We use Redis on Spark to cache our key-value pairs.This is the code:
import com.redis.RedisClient
val r = new RedisClient("192.168.1.101", 6379)
val perhit = perhitFile.map(x => {
val arr = x.split(" ")
val readId = arr(0).toInt
val refId = arr(1).toInt
val start = arr(2).toInt
val end = arr(3).toInt
val refStr = r.hmget("refStr", refId).get(refId).split(",")(1)
val readStr = r.hmget("readStr", readId).get(readId)
val realend = if(end > refStr.length - 1) refStr.length - 1 else end
val refOneStr = refStr.substring(start, realend)
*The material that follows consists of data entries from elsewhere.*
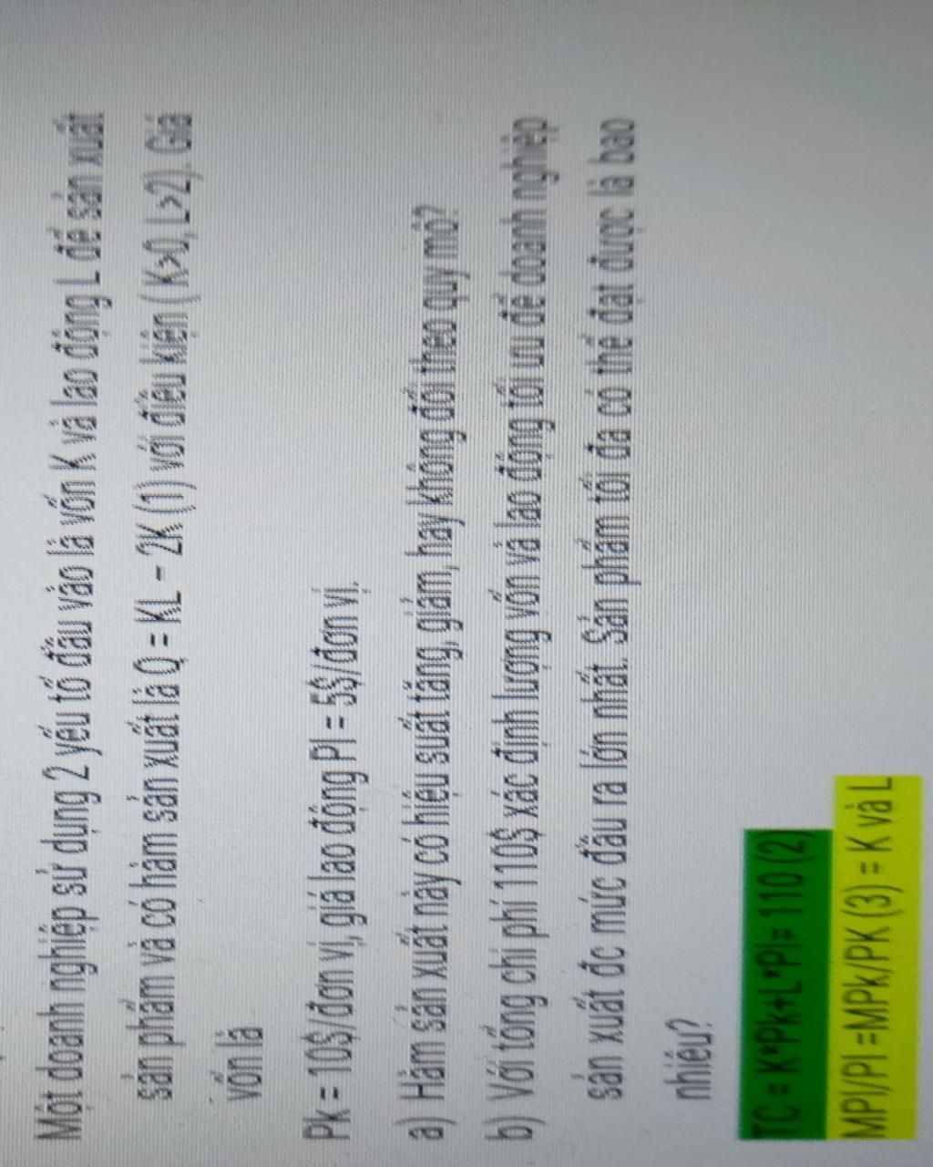 b) Tối đa hóa sản lượng đầu ra $\Leftrightarrow \begin{cases}KP_K + LP_L = TC\\\dfrac{MP_K}{P_K} = \dfrac{MP_L}{P_L}\end{cases}$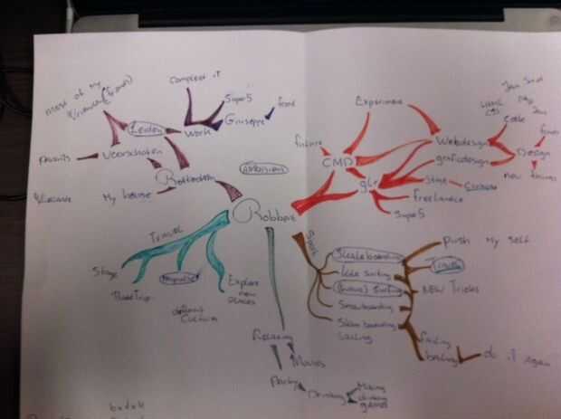 Primer paso fue hacer un mindmap sobre mí. Aquí he encontrado 5 artículos que yo sería tener en cuenta durante el diseño. Fueron los 5 elementos palabra con: tablero de viaje, Curazao, deportes, impulsiva y Leiden (ciudad de Holanda).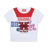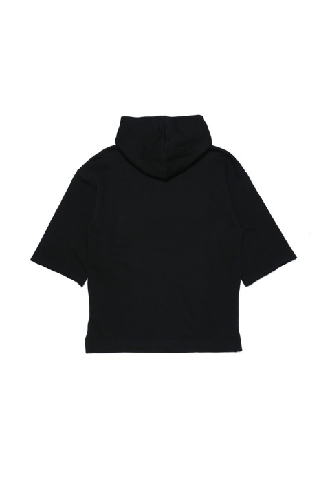 שמלת קפוצ’ון לילדות זו גזורה מג’רזי כותנה שחורה, מעוצבת עם שרוולים קצרים ושסעים בשוליים בצדדים. החזה כולל הדפסה לוגו ‘Disturb’ של דיזל מקושקש.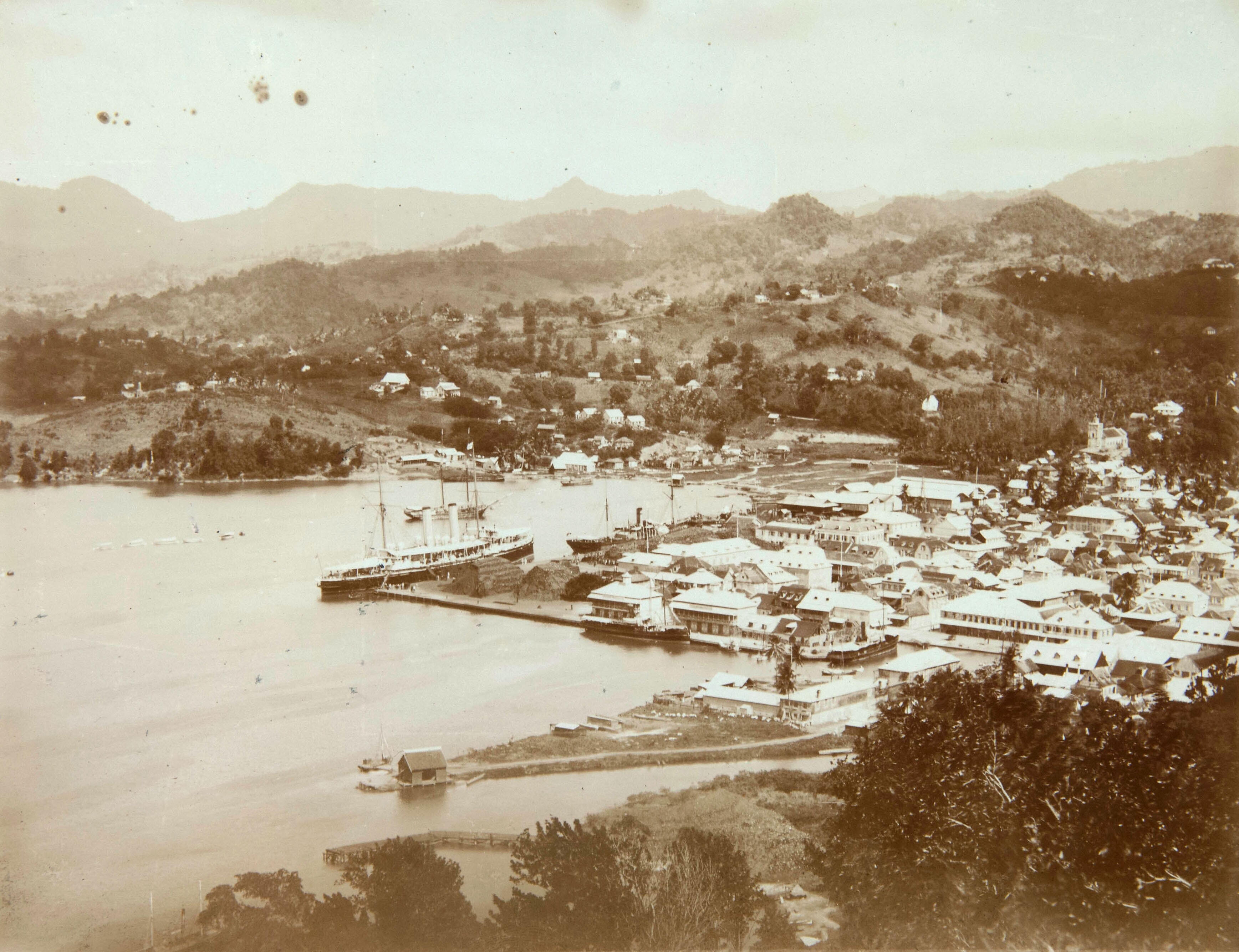 Overzicht van de haven en de stad Castries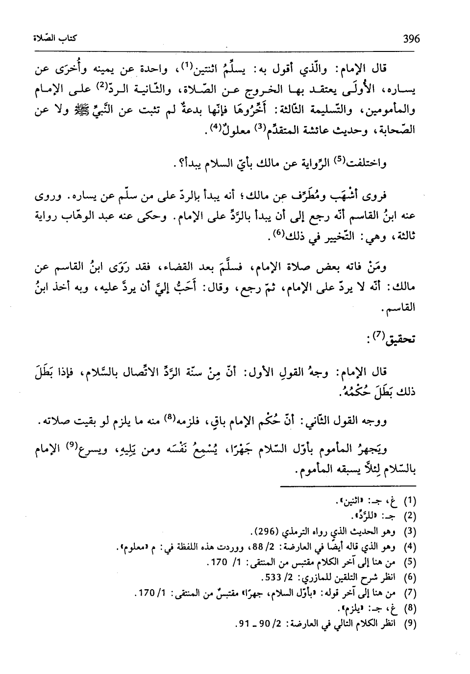 (¬6) انظر شرح التلقين للمازري: 2/ 533.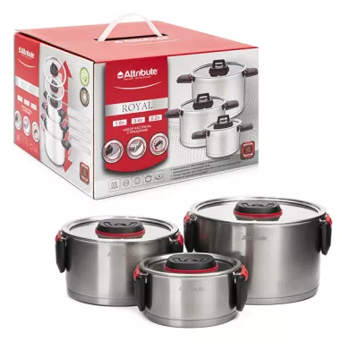"Attribute" Набор кастрюль "Royal" 6пр. (6,2л+3,4л+1,6л)

(readStr, refOneStr, refId, start, realend, readId)
})
But compiler gave me feedback like this:
Exception in thread "main" org.apache.spark.SparkException: Task not serializable
at org.apache.spark.util.ClosureCleaner$.ensureSerializable(ClosureCleaner.scala:166)
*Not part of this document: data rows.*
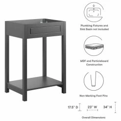 Refresh your bathroom space with the Altura 24″ Bathroom Vanity Cabinet. Boasting crisp, clean lines and a streamlined design, this modern vanity is durably crafted with painted MDF and particleboard and features inset detailing for subtle added interest. This vanity features a spacious open storage shelf to accommodate decor or bathroom essentials. Altura includes non-marking foot caps to protect flooring. Sink basin and fixtures not included. Assembly required.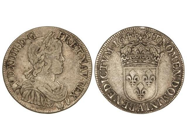 WORLD COINS: FRANCE - 1/2 Ecu. 1644-A. LUIS XIV. PARÍS. AR. KM-163.1. MBC-/MBC.
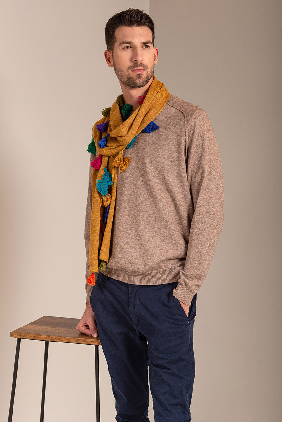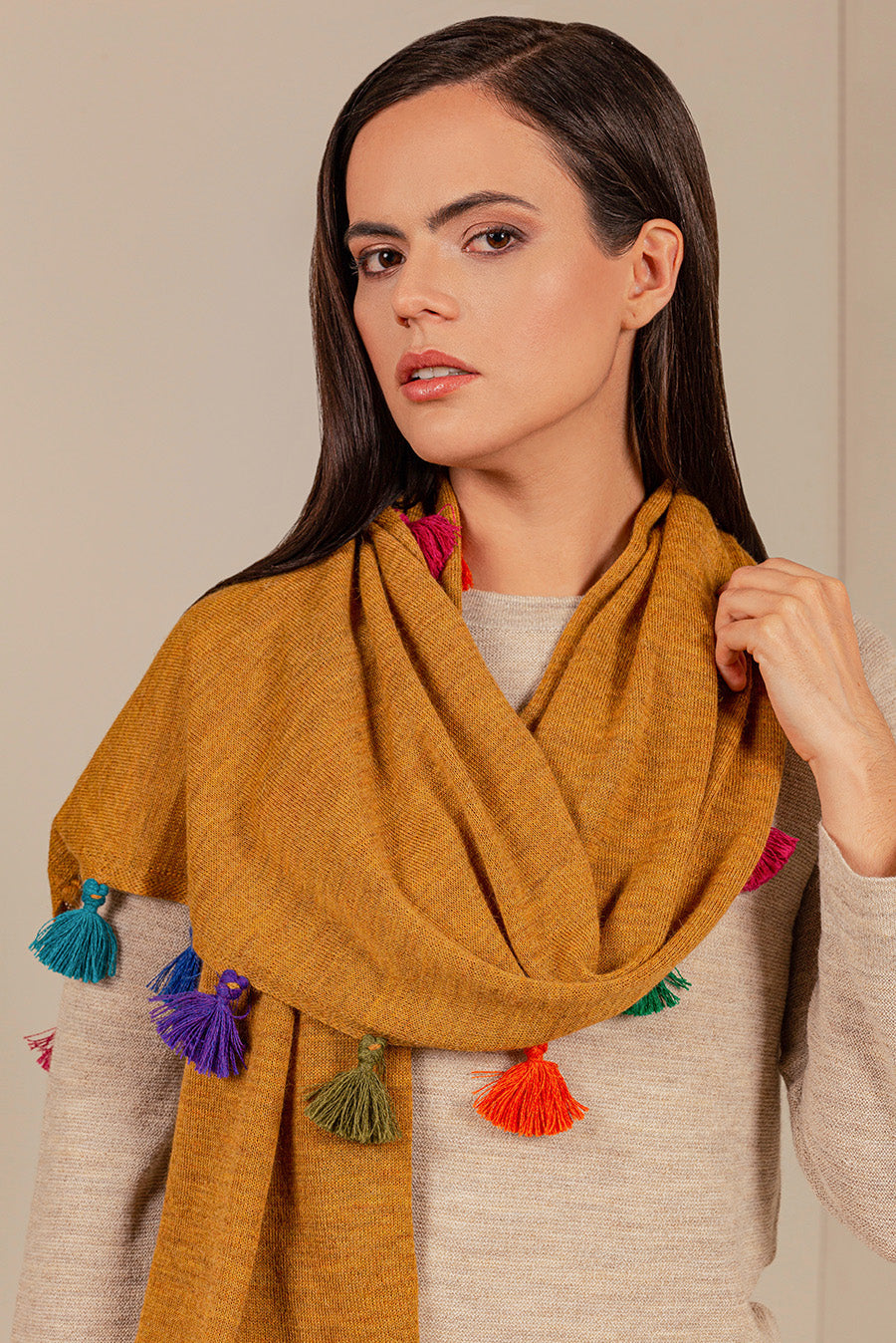 Soft and luxurious 100% baby alpaca scarf. Colorful tassels on edge.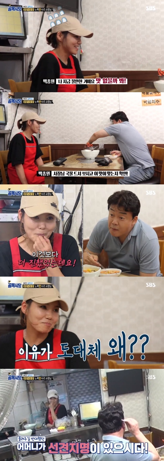28일 방송된 SBS '백종원의 골목식당'에서는 백종원이 닭칼국숫집 신메뉴를 평가하는 장면이 전파를 탔다.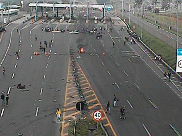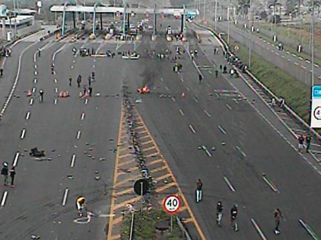 Uma das sete cabines da praça de pedágio teve o vidro quebrado, pelo menos seis radares e cinco painéis de informação foram depredados e uma cadeira, cones e barreiras plásticas foram queimadas.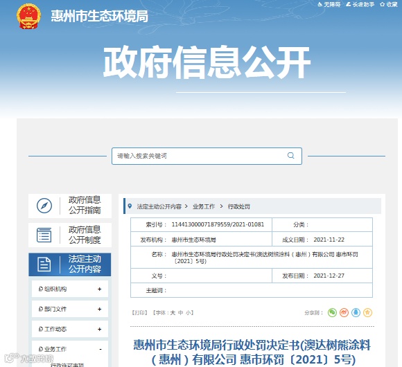 来源:惠州市生态环境局政府信息公开网

at org.apache.spark.util.ClosureCleaner$.clean(ClosureCleaner.scala:158)
at org.apache.spark.SparkContext.clean(SparkContext.scala:1242)
at org.apache.spark.rdd.RDD.map(RDD.scala:270)
at com.ynu.App$.main(App.scala:511)
at com.ynu.App.main(App.scala)
at sun.reflect.NativeMethodAccessorImpl.invoke0(Native Method)
at sun.reflect.NativeMethodAccessorImpl.invoke(NativeMethodAccessorImpl.java:57)
at sun.reflect.DelegatingMethodAccessorImpl.invoke(DelegatingMethodAccessorImpl.java:43)
at java.lang.reflect.Method.invoke(Method.java:606)
at org.apache.spark.deploy.SparkSubmit$.launch(SparkSubmit.scala:328)
at org.apache.spark.deploy.SparkSubmit$.main(SparkSubmit.scala:75)
at org.apache.spark.deploy.SparkSubmit.main(SparkSubmit.scala)
Caused by: java.io.NotSerializableException: com.redis.RedisClient
at java.io.ObjectOutputStream.writeObject0